## PROBLEM DETAILS
Print all the data that follows exactly, images excluded.

(Items from a dataset)

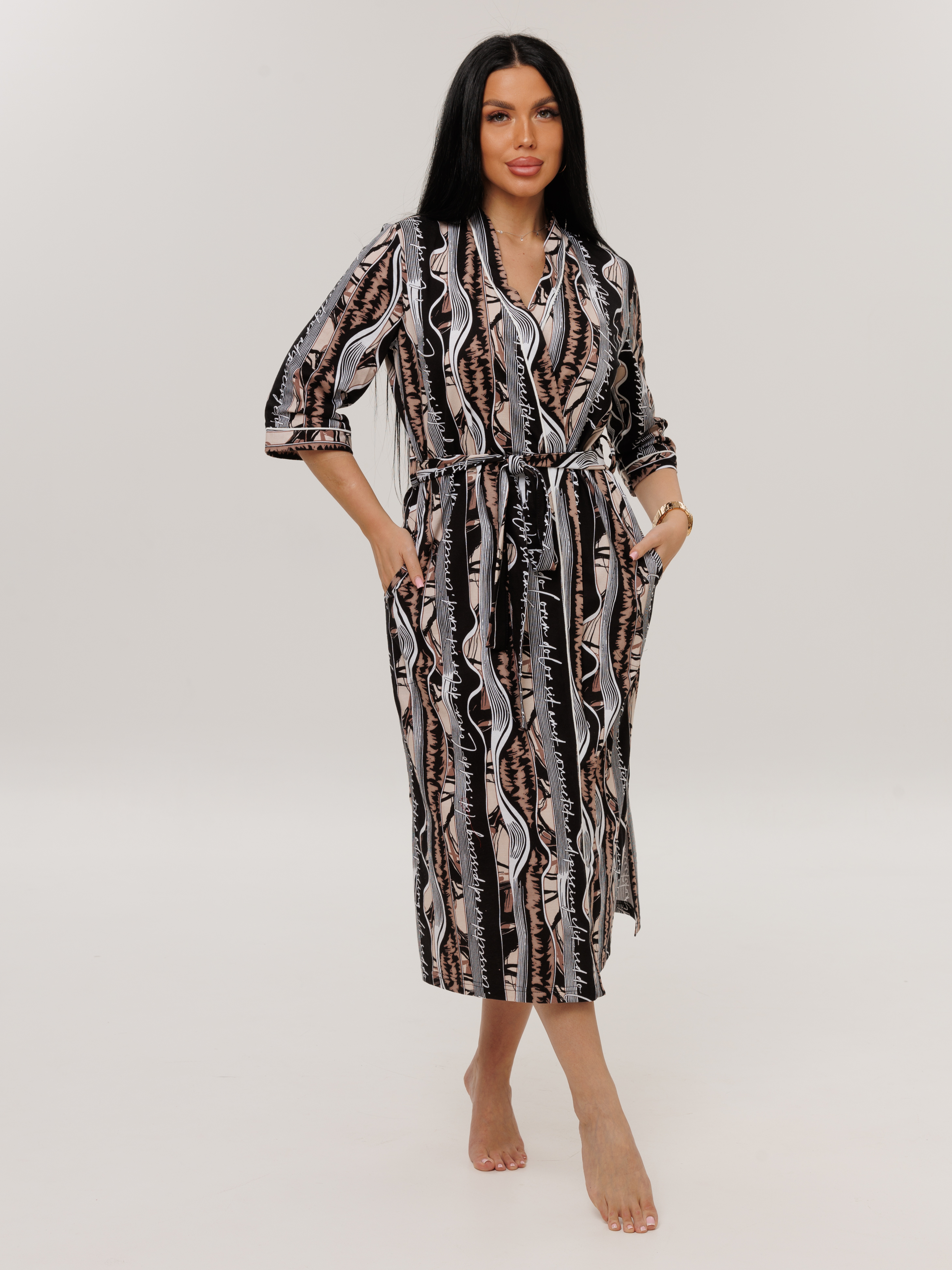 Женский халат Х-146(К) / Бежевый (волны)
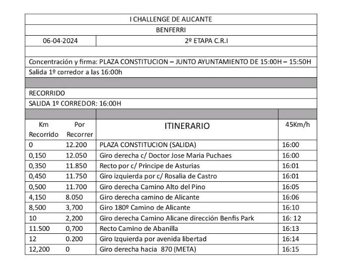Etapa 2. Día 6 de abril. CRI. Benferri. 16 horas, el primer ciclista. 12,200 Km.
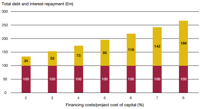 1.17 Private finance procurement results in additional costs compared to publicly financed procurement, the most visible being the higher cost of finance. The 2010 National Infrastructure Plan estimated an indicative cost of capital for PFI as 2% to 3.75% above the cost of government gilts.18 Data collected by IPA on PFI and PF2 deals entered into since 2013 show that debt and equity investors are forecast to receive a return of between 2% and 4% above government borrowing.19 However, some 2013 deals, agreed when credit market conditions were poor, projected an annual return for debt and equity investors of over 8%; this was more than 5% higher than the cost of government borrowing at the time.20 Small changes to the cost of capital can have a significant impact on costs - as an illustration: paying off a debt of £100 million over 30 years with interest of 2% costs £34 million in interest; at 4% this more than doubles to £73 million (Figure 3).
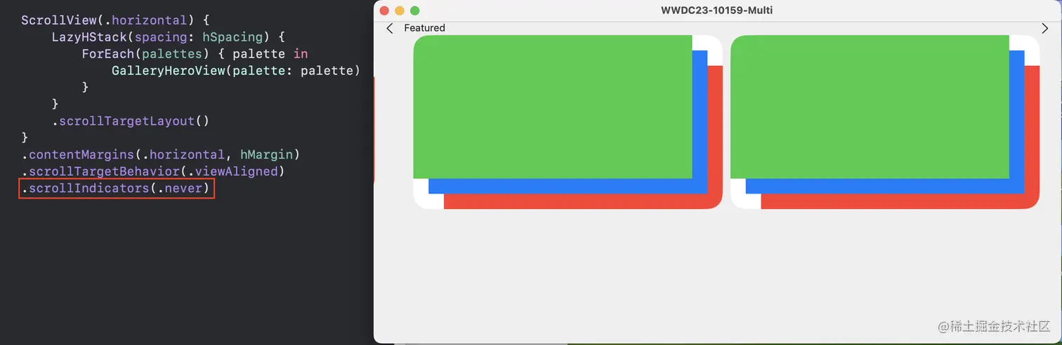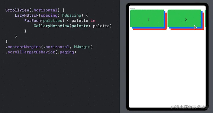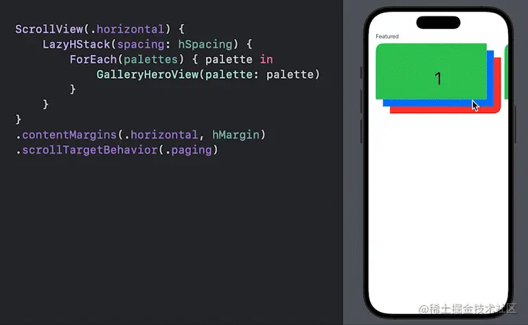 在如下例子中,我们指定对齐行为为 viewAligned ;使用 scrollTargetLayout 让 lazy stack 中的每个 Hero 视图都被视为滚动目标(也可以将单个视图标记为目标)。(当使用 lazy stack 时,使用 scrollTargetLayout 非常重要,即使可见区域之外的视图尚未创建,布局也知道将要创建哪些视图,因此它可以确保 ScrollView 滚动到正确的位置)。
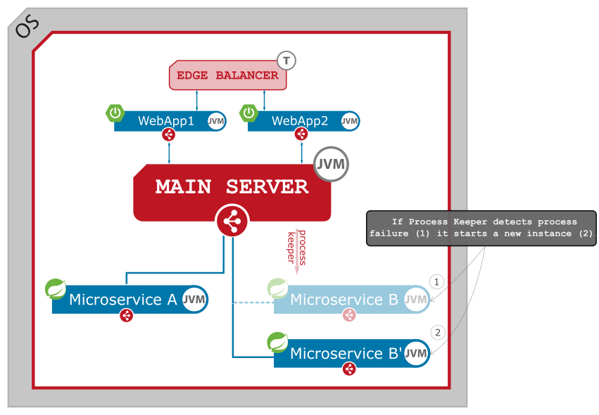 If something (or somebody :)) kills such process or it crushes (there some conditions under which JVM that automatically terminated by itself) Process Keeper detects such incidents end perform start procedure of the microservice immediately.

## PROBLEM SOLUTION
 Женский халат Х-146(К) / Бежевый (волны)
Etapa 2. Día 6 de abril. CRI. Benferri. 16 horas, el primer ciclista. 12,200 Km.
 1.17 Private finance procurement results in additional costs compared to publicly financed procurement, the most visible being the higher cost of finance. The 2010 National Infrastructure Plan estimated an indicative cost of capital for PFI as 2% to 3.75% above the cost of government gilts.18 Data collected by IPA on PFI and PF2 deals entered into since 2013 show that debt and equity investors are forecast to receive a return of between 2% and 4% above government borrowing.19 However, some 2013 deals, agreed when credit market conditions were poor, projected an annual return for debt and equity investors of over 8%; this was more than 5% higher than the cost of government borrowing at the time.20 Small changes to the cost of capital can have a significant impact on costs - as an illustration: paying off a debt of £100 million over 30 years with interest of 2% costs £34 million in interest; at 4% this more than doubles to £73 million (Figure 3).
 在如下例子中,我们指定对齐行为为 viewAligned ;使用 scrollTargetLayout 让 lazy stack 中的每个 Hero 视图都被视为滚动目标(也可以将单个视图标记为目标)。(当使用 lazy stack 时,使用 scrollTargetLayout 非常重要,即使可见区域之外的视图尚未创建,布局也知道将要创建哪些视图,因此它可以确保 ScrollView 滚动到正确的位置)。
 If something (or somebody :)) kills such process or it crushes (there some conditions under which JVM that automatically terminated by itself) Process Keeper detects such incidents end perform start procedure of the microservice immediately.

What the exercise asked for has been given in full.